Уже поддав пару и сидя в парилке, Чуркин анализировал произошедшее. Итак, он был впущен в баню, в которой «нет горячей воды». В бане два человека. Тот самый инвалид из автобуса (когда Чуркин проходил в парилку, тот сидел к нему спиной и намыливал голову) и он. Кому и для чего он нужен? Что может произойти? Нет, он не боялся: что с него, горемыки, взять? Для чего нужна такая таинственность? Выпытать секрет их секретного (ну, очень секретного!) НИИ? Смешно. Какие секреты, когда по НИИ запросто шастают всякие японцы, американцы и прочие лица иностранного происхождения! Окончательно разомлев от пара, Чуркин махнул рукой и перестал думать на эту тему.
Вспомнился их диалог с инвалидом при выходе из автобуса:
«– Лёгкого Вам пару, сеньор!
– Благодарю, кабальеро!»
Это «кабальеро» вырвалось у него автоматом. Со школьных лет, когда они, троица неразлучных друзей, с девятого класса звали друг друга не иначе как «кабальеро» или «идальго», иногда добавляя «дон». Все они были «донами»: Мишка – дон Мигель, Родик – дон Родригес и он, Шурка, – дон Сандро. Тогда они были рыцарями «Ордена дон Кихота», которые защищали честь и достоинство «прекрасных дам» (в смысле – девчонок своего класса, а иногда и школы) и, вообще, всех слабых и обиженных…
…Боже мой! Как давно это было! Как будто в другой жизни! И его встреча с Катериной – тоже. Может быть, это и правда был только сон. «Чудный сон…»
Из парилки он, розовый, сопровождаемый облаком пара, вышел сразу в раздевалку, открыл пиво, немного пригубил и, закрыв глаза, молча погрузился в раздумье. Он отстранённо слышал, как из мыльного отделения, мягко шлёпая босой ногой и постукивая костылём, инвалид подошёл, очевидно, к своему шкафу, и сел. Чуркину, вдруг, почудилось, что его кто-то позвал: «дон Сандро». Чуркин открыл глаза: закутанный с головой в простыню так, что «торчали» только глаза, инвалид молчал, но внимательно изучал Чуркина взглядом.
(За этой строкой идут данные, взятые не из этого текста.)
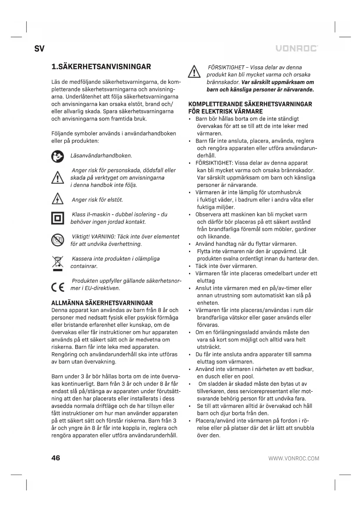 gallret (3) är blockerat Håll värmaren långt från föremål som gardin, plastpåse, pap- per och andra saker som kan täcka intaget eller kan hindra luftintaget Apparaten värms inte upp, bara fläkten fungerar Omkopplaren har inte ställts in på värmein- ställningen Vrid omkopplaren till värmein- ställning Termostaten aktiverades Vrid termostaten och lyssna om det finns öppen/stäng-signal. Om det inte hörs något klick och termostaten inte är skadad, slås värmaren på automatiskt när apparaten svalnat Den auto- matiska avstängningen fungerade Stäng av värmaren och inspek- tera blockering av inlopp eller utlopp. Koppla ur kontakten och vänta minst 10 minuter tills skyddssystemet återställs innan du försöker starta om värmaren. Onormalt ljud Apparaten står inte upp Ställ värmaren på en plan yta MILJÖ Felaktig och/eller kasserad elektrisk eller elektronisk utrustning måste lämnas in på lämpliga återvinningsstationer. Endast för EU-länder Kassera inte elverktyg ihushållsavfall. Enligt den europeiska riktlinjen 2012/19/EU om kasserad elektrisk och elektronisk utrustning och dess till- lämpning inationell rätt måste elverktyg som inte längre är användbara samlas in separat och kas- seras på ett miljövänligt sätt. GARANTI VONROC-produkter är utvecklade enligt högsta kvalitetsstandard och garanteras fria från defekter ibåde material och utförande under den period som lagen föreskriver från och med inköpsda- tumet. Om produkten skulle utveckla fel under denna period på grund av defekt material och/eller utförande, kontakta då VONROC direkt. Följande omständigheter är undantagna från denna garanti: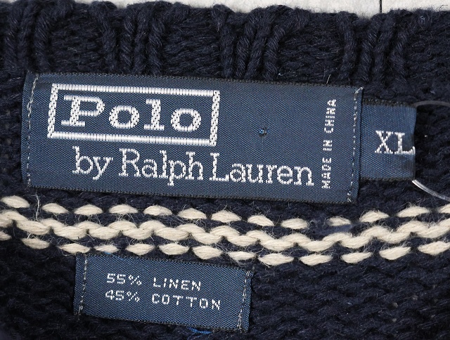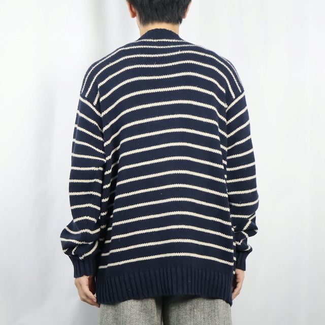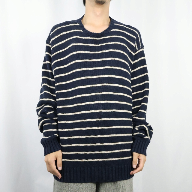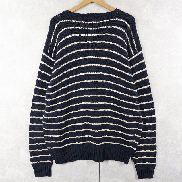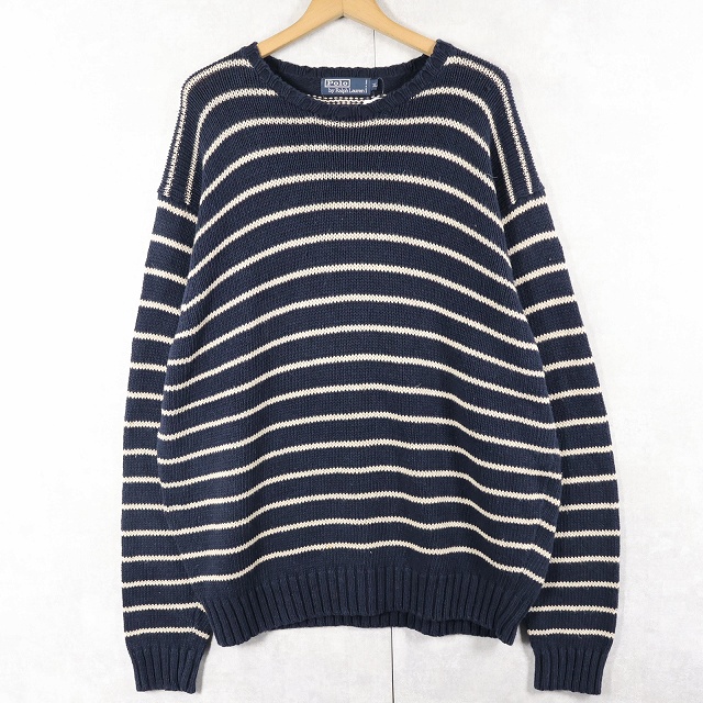 POLO Ralph Lauren ボーダー柄 リネンコットン ニットセーター NAVY XL [158849]

Смутившись, Чуркин, вдруг, жестом предложил ему пиво, но тот, тоже жестом – приложив руку к груди и склонив голову – отказался. Чуркин смутился ещё больше и снова закрыл глаза. Но слухом он уловил, как опять прошлёпали босая нога и костыль, открылась и закрылась дверь, и в «предбаннике» начался какой-то разговор. Но его это уже не интересовало: может быть, в тысячный, раз он погрузился в приятые грёзы последней встречи с Катериной… А сколько раз он пытался разыскать её и хотя бы просто посмотреть на неё ещё раз, хотя бы издали… Как ни как – замужняя женщина… «Как хороши, как свежи были розы…» – грустно улыбнувшись, мысленно процитировал Чуркин…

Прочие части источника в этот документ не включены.